This blog entry was contributed by JCA member Eliza Gouverneur [with bracketed glossing by rddb]:
Moments from the day. 5/23.
At services at HUC [Reconstructionist Minyan led by Recon rabbinical students on their Israel year] the teaching included words about commitment that are on our [her and Richard Cohen's] ketubah, and today is our 33rd anniversary.
In the first church we visited [in the Old City], built by Anglicans in the mid 19th c., the church guide first apologized to us as Jews for the bad behavior of the British after the Balfour Declaration.
We saw the Meronite Center, for mostly Lebanese Meronite Catholics. It is built like a fortress, with a well in the courtyard. We climbed to the roof for panoramic views of the Old City and spoke about how each group in the city wants to have the tallest or the largest shrine. The walls were of the usual creamy, soft Jerusalem stone, and the trim paint was a wonderful robin's egg blue, like a morning sky.

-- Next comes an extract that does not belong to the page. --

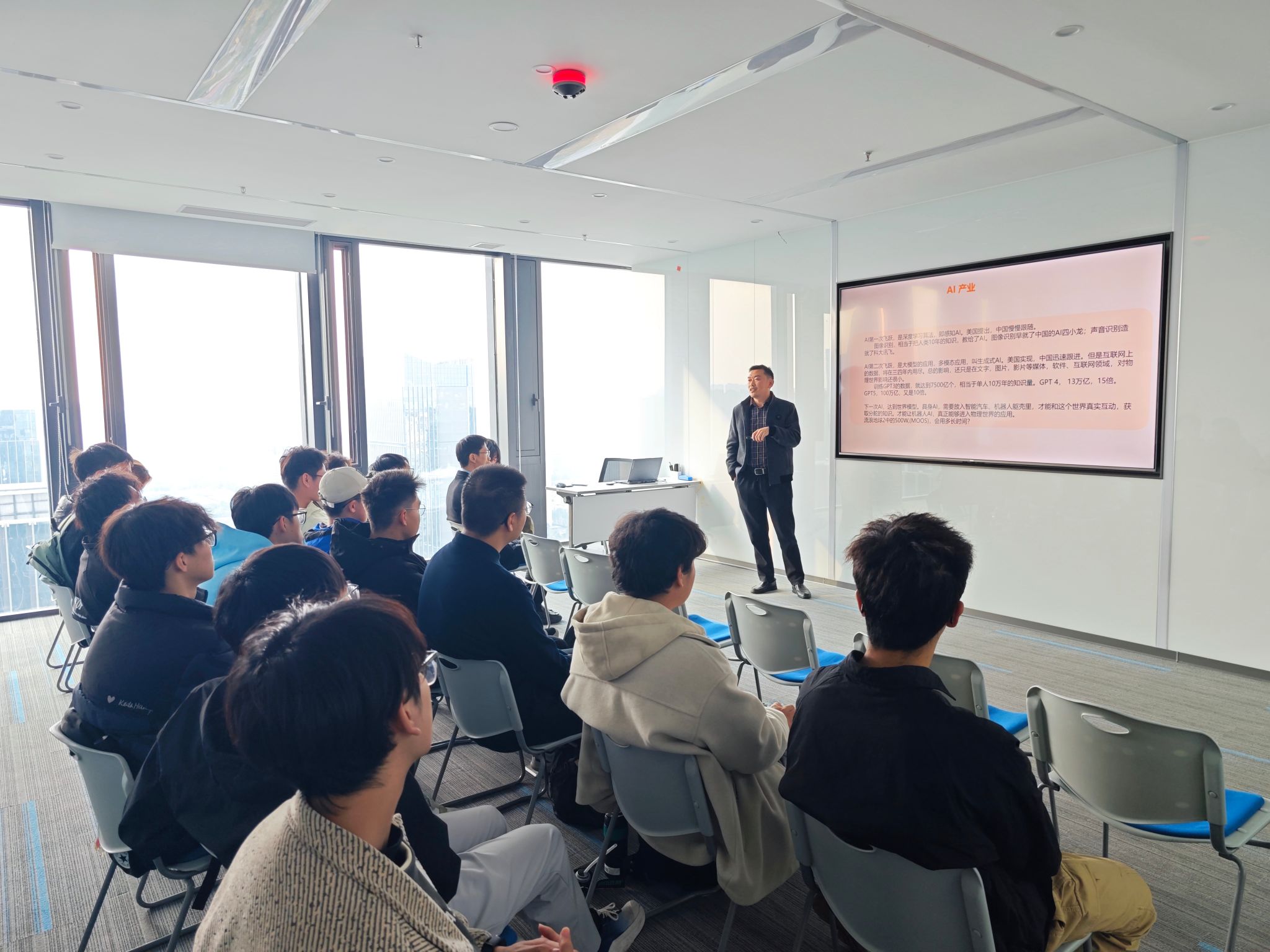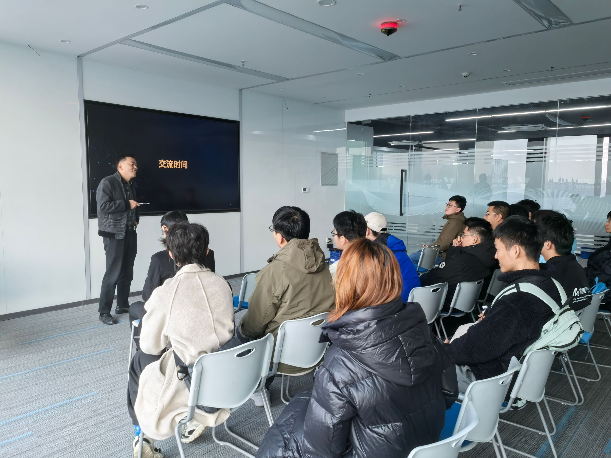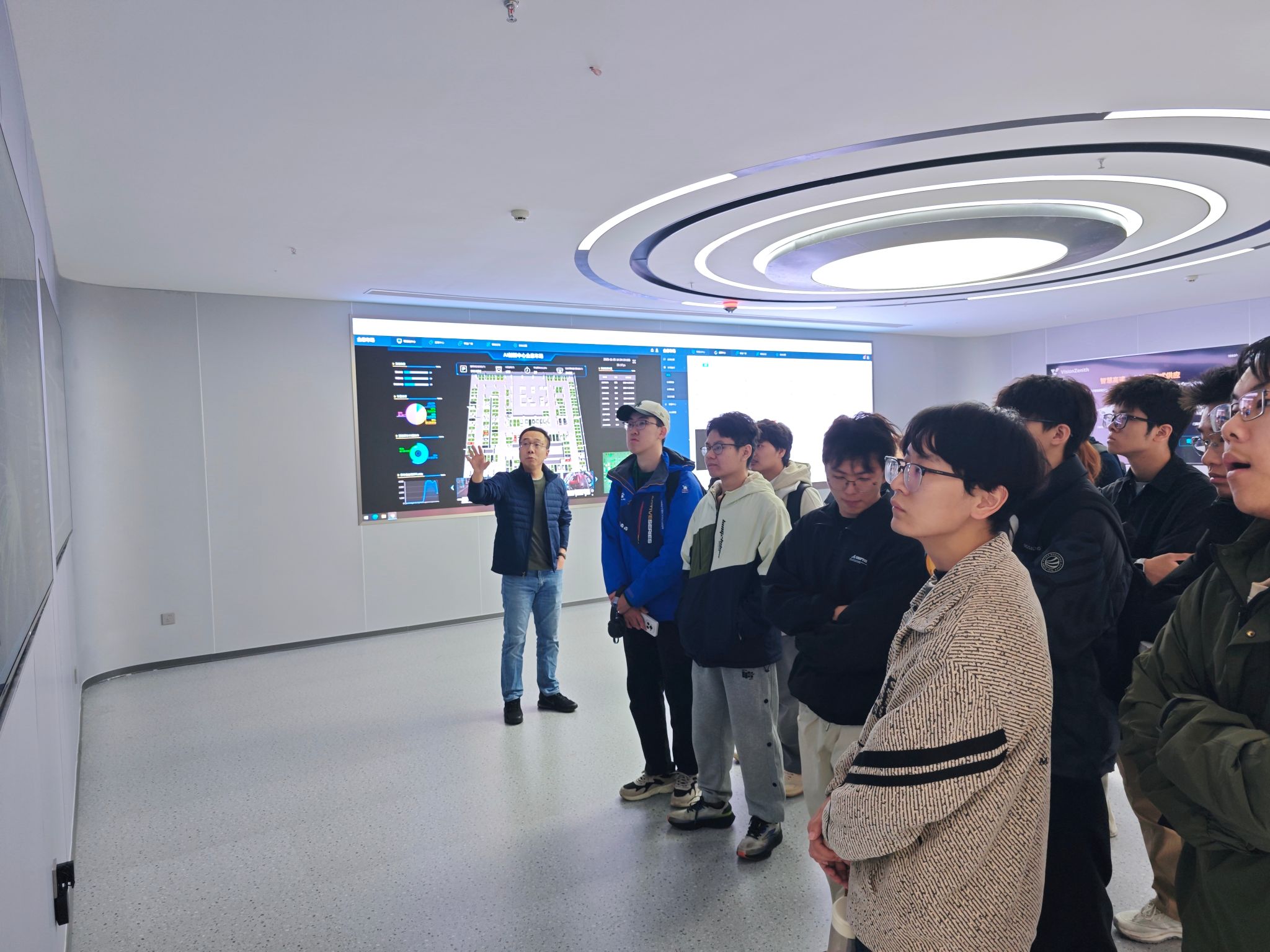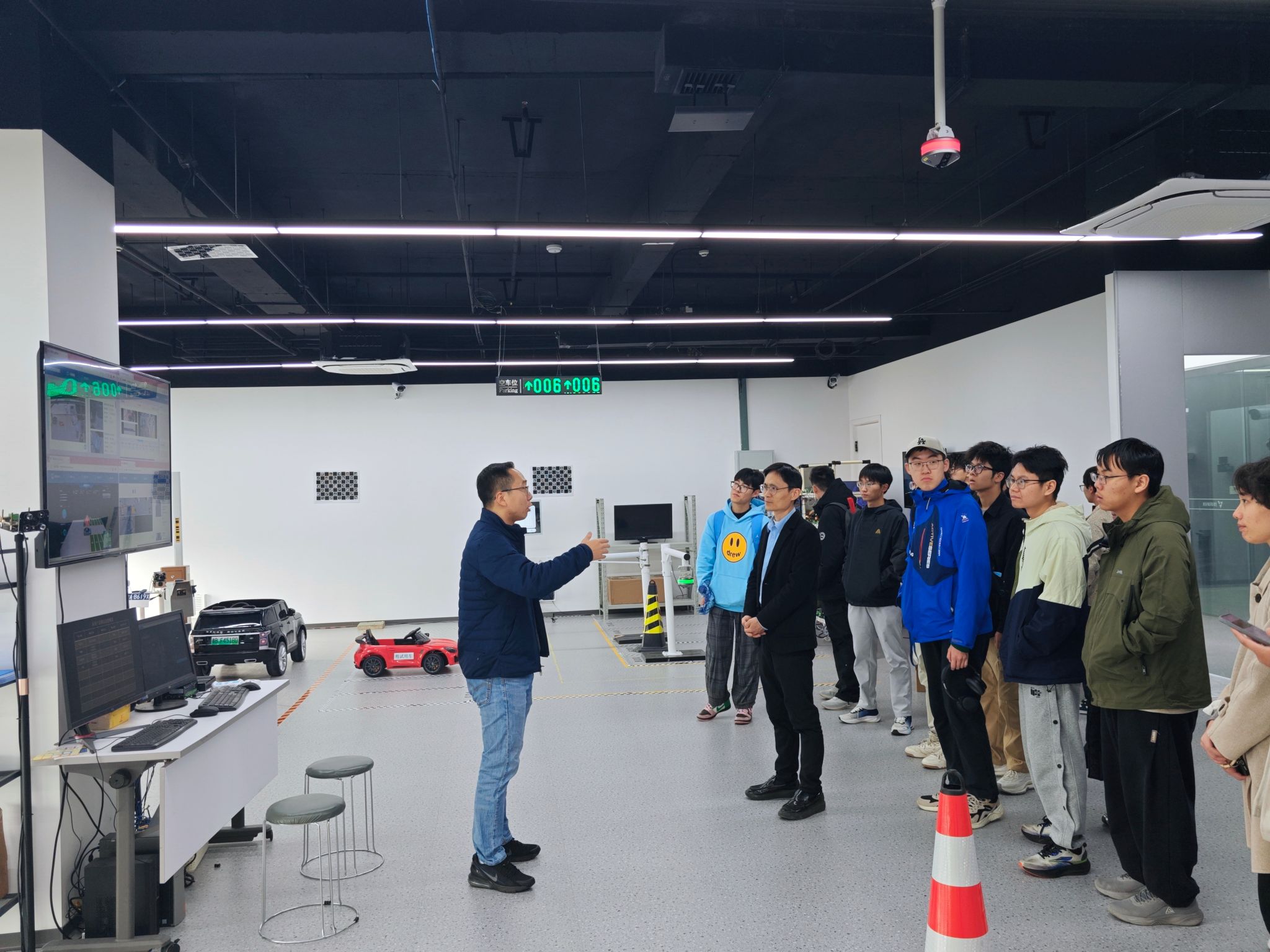 随后,王总为同学们介绍公司的解决方案及落地的行业应用案例,并通过大屏幕实时展示了全息地下停车场的实时监测、违停分析等功能,让同学们对公司的产品与行业应用有了直观且深刻的认识。

The Syrian Orthodox Church was an experience. It is said to be the oldest church anywhere, built on the place where some say the last supper was held. Justina, the peppery and passionate church guide, told stories of the miracles she had witnessed there and sang for us in Aramaic both the Lord's Prayer and Psalm 150. Her sweet ardor was very moving.
In a deep, huge cistern, Queen Helena's Well [to which we gained access from the top of the Church of the Holy Sepulchre], we climbed down steep stairs through low doorways and emerged 1600 years below where we entered. The cistern was dug to provide water for the Church of the Holy Sepulchre when it was built. The rabbi sang Kol haneshamah and the echoes and reverberations were like answering voices.
We walked again and again through the vivid, crowded, fragrant, and colorful streets of the markets in the Arab Quarter, jostling crowds and being distracted by every kind of tourist loot, from dates and spices to t-shirts (my favorite: a picture of a phantom jet that said, "America, don't worry, Israel is behind you") to ancient (?) coins to icons to kiddush cups to snack foods to oranges. We trotted along, taking turns to mark the corners we'd turned for stragglers in our group. In the Via Dolorosa we opened a non-descript door and climbed to the home of Sheik Abdul Aziz El Buchari. He truly welcomed us, told us of his family's history, father to son, of Sufi sheiks dating back 1000 years to and ancestor, Imam Al Buchari, who wrote the first book of commentary on the Koran. He was a sufi authority on Koran, equivalent to the Rambam on Torah.
He spoke of Sufi worship coming from the heart, that you can't worship without love. His order of Sufis is called in Uzbecki "carved on stone" and to 'carve' on their heart the love of God, they repeat the name of God in a zikor (like the Hebrew zicharon, remembrance) twice a week, where they call God's name, repeating and repeating until they reach a meditative high, a state between heaven and earth. He says the leave the circle feeling drunk with joy and awaken still singing. His group works for peace and emphasizes our obligation (like all religions, he said) to thank, appreciate, love, honor, and obey God, and to love the other as yourself.
He said that all humans are one family, and asked "If your sone is arrested for committing a crime, what do you do? You go to get him out of jail and help him to become a better person." Sufis, he said, try to love everyone as their family and reach out to them.
As we left, Kylar, Alisha Clarke's son-in-law, who works for the US Consulate here, mentioned that the Sheik works with other groups in Jerusalem toward achieving peace. The Sheik radiated great warmth and centeredness, qualities that will be needed in that effort.